■ **AIM OF THE TASK**:
Every entry is to be returned as it stands, apart from the pictures.

── DATA TO USE ──

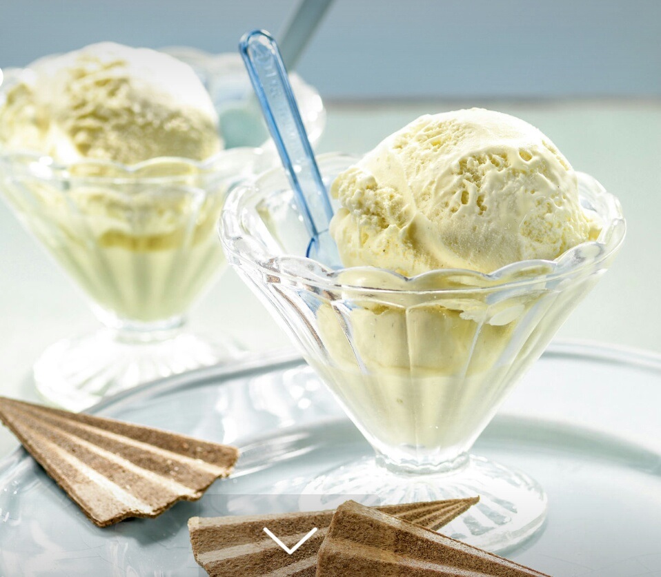- Cuando vaya a consumirlo saque el recipiente y póngalo en el frigorífico 15 minutos, después corte la crema helada en trozos y ponga la mitad en el vaso, triture 20 seg/vel 6, después mezcle 10 seg/ vel 4.
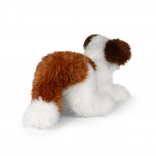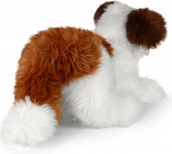 Hnědobílá srst, detailní zpracování a věrné proporce dělají z tohoto shih‑tzu dokonalého parťáka na mazlení i dekoraci.
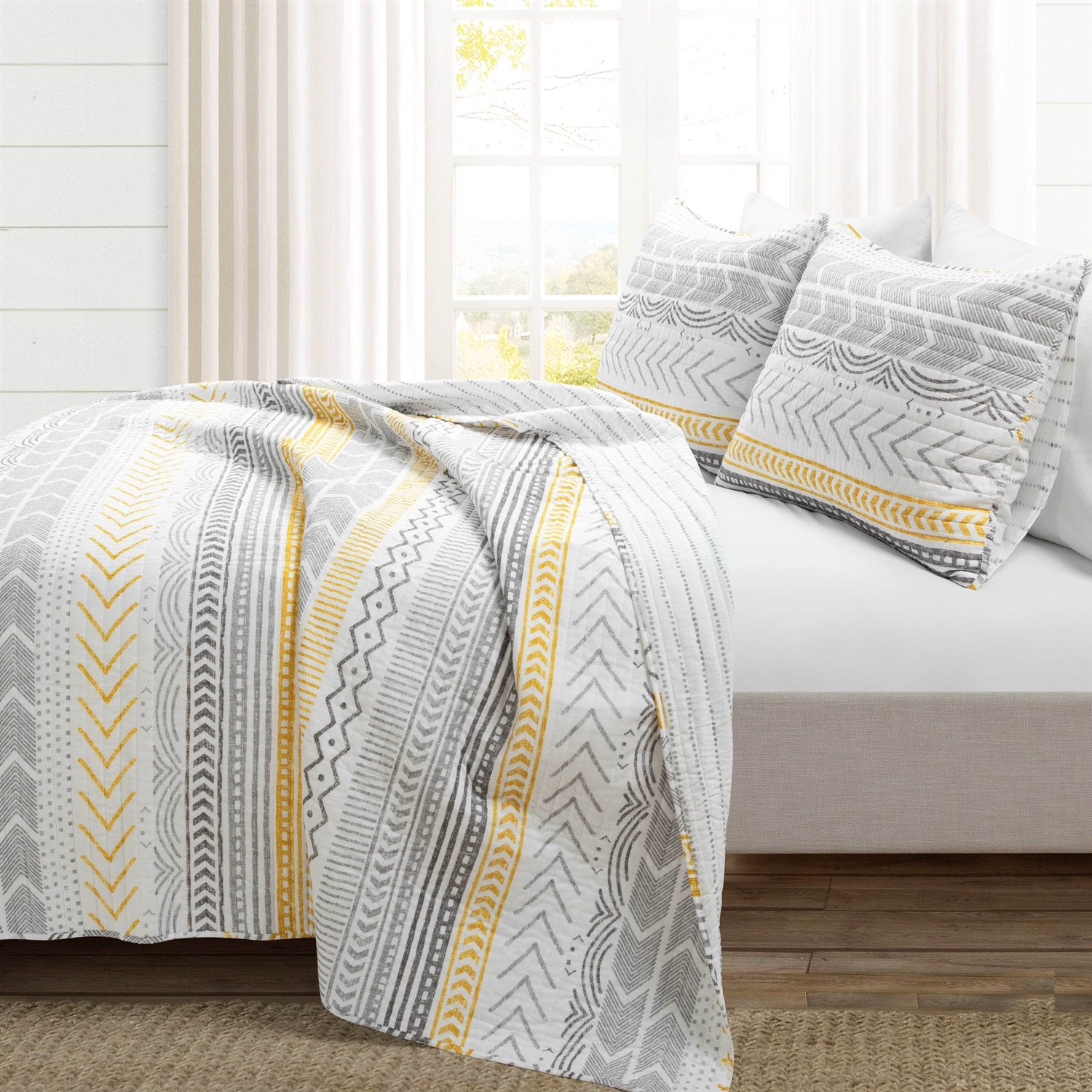 King Scandinavian Grey/Yellow/White Chevron Stripe Reversible Cotton Quilt Set
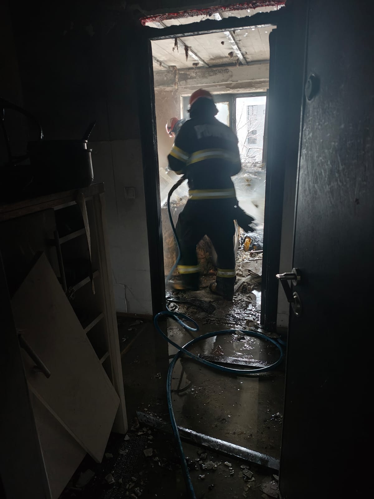 Incendiul a fost localizat rapid, fiind împiedicată extinderea flăcărilor la întregul apartament. Fumul a fost evacuat din scara blocului cu ajutorul unui ventilator. Nouă locatari au fost evacuați preventiv.
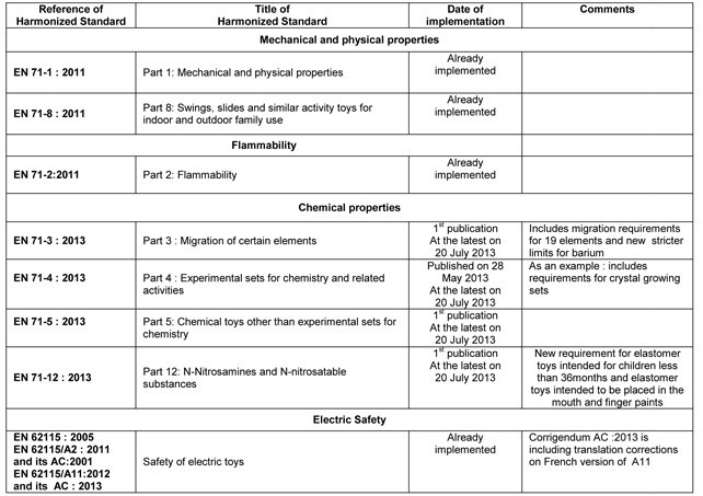 欧盟将EN 71-3:2013列入新玩具指令(2009/48/EC)协调标准中
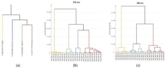 A correlation between the phylogenetic relationships and groupings of fingerprint datasets was also confirmed in HCA (Figure 7). Latvian native medicinal plant samples are located on one branch of the dendrogram, while roselle samples are on another branch, the same as in the phylogenetic tree. However a difference from the phylogenetic tree in HCA was seen for Latvian native medicinal plants (yarrow, calendula, and chamomile). In the phylogenetic tree, chamomile and yarrow share a more recent common ancestor than either one share with calendula (Figure 7a). That suggests that the chemical composition of yarrow and chamomile should be more alike. But the HCA proves otherwise—samples of chamomile are located closer to calendula samples in the dendrogram at 270 nm and samples of yarrow and calendula are grouped together at 360 nm, suggesting a more similar chemical composition, respectively (Figure 7). As previously mentioned, the chemical composition can be impacted by many factors, including the origin of samples, soil, growth conditions, and other reasons, which could have impacted this result []. Further research with larger sample sizes should be conducted to investigate this observation. In a study done by Kharyuk et al. a correlation was found between evolutionary relationships and herbal fingerprints for closely related species with samples made from similar parts, but groupings of higher order were not accurate []. The distance between clusters is larger at 270 nm, making the method superior for the identification of medicinal plants and for providing distinctive chemical profiles.
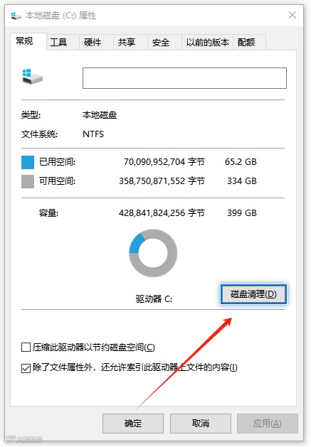 第1步:在C盘上点击右键 -> 选择 “属性” -> 在“常规”选项卡下点击 “磁盘清理”。
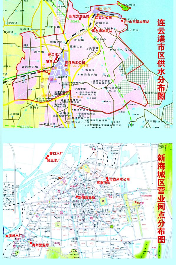 經過多年的不斷建設, 連云港市自來水有限責任公司已形成了自來水的生產與供應、給排水工程設計、管道安裝與維修、水質檢測、給排水自動化控制與安裝等完整的供水體系,下設海州水廠、茅口水廠和第三水廠3座制水廠以及新海營業所、新海管線所、連云供水分公司、材料供應站、水質檢測中心、源通市政工程公司等二級單位和投資單位。公司日供水能力40萬立方米(深度處理能力30萬立方米),供水區域面積1200平方公里,用水人口約120萬人。 2024年公司日均供水量38萬立方米, 最高日供水量43.58萬立方米,供水主干管網總長度1477公里,水質綜合合格率100%。

───

■ **ANSWER TO THE EXERCISE**:
- Cuando vaya a consumirlo saque el recipiente y póngalo en el frigorífico 15 minutos, después corte la crema helada en trozos y ponga la mitad en el vaso, triture 20 seg/vel 6, después mezcle 10 seg/ vel 4.
 Hnědobílá srst, detailní zpracování a věrné proporce dělají z tohoto shih‑tzu dokonalého parťáka na mazlení i dekoraci.
 King Scandinavian Grey/Yellow/White Chevron Stripe Reversible Cotton Quilt Set
 Incendiul a fost localizat rapid, fiind împiedicată extinderea flăcărilor la întregul apartament. Fumul a fost evacuat din scara blocului cu ajutorul unui ventilator. Nouă locatari au fost evacuați preventiv.
 欧盟将EN 71-3:2013列入新玩具指令(2009/48/EC)协调标准中
 A correlation between the phylogenetic relationships and groupings of fingerprint datasets was also confirmed in HCA (Figure 7). Latvian native medicinal plant samples are located on one branch of the dendrogram, while roselle samples are on another branch, the same as in the phylogenetic tree. However a difference from the phylogenetic tree in HCA was seen for Latvian native medicinal plants (yarrow, calendula, and chamomile). In the phylogenetic tree, chamomile and yarrow share a more recent common ancestor than either one share with calendula (Figure 7a). That suggests that the chemical composition of yarrow and chamomile should be more alike. But the HCA proves otherwise—samples of chamomile are located closer to calendula samples in the dendrogram at 270 nm and samples of yarrow and calendula are grouped together at 360 nm, suggesting a more similar chemical composition, respectively (Figure 7). As previously mentioned, the chemical composition can be impacted by many factors, including the origin of samples, soil, growth conditions, and other reasons, which could have impacted this result []. Further research with larger sample sizes should be conducted to investigate this observation. In a study done by Kharyuk et al. a correlation was found between evolutionary relationships and herbal fingerprints for closely related species with samples made from similar parts, but groupings of higher order were not accurate []. The distance between clusters is larger at 270 nm, making the method superior for the identification of medicinal plants and for providing distinctive chemical profiles.
 第1步:在C盘上点击右键 -> 选择 “属性” -> 在“常规”选项卡下点击 “磁盘清理”。
 經過多年的不斷建設, 連云港市自來水有限責任公司已形成了自來水的生產與供應、給排水工程設計、管道安裝與維修、水質檢測、給排水自動化控制與安裝等完整的供水體系,下設海州水廠、茅口水廠和第三水廠3座制水廠以及新海營業所、新海管線所、連云供水分公司、材料供應站、水質檢測中心、源通市政工程公司等二級單位和投資單位。公司日供水能力40萬立方米(深度處理能力30萬立方米),供水區域面積1200平方公里,用水人口約120萬人。 2024年公司日均供水量38萬立方米, 最高日供水量43.58萬立方米,供水主干管網總長度1477公里,水質綜合合格率100%。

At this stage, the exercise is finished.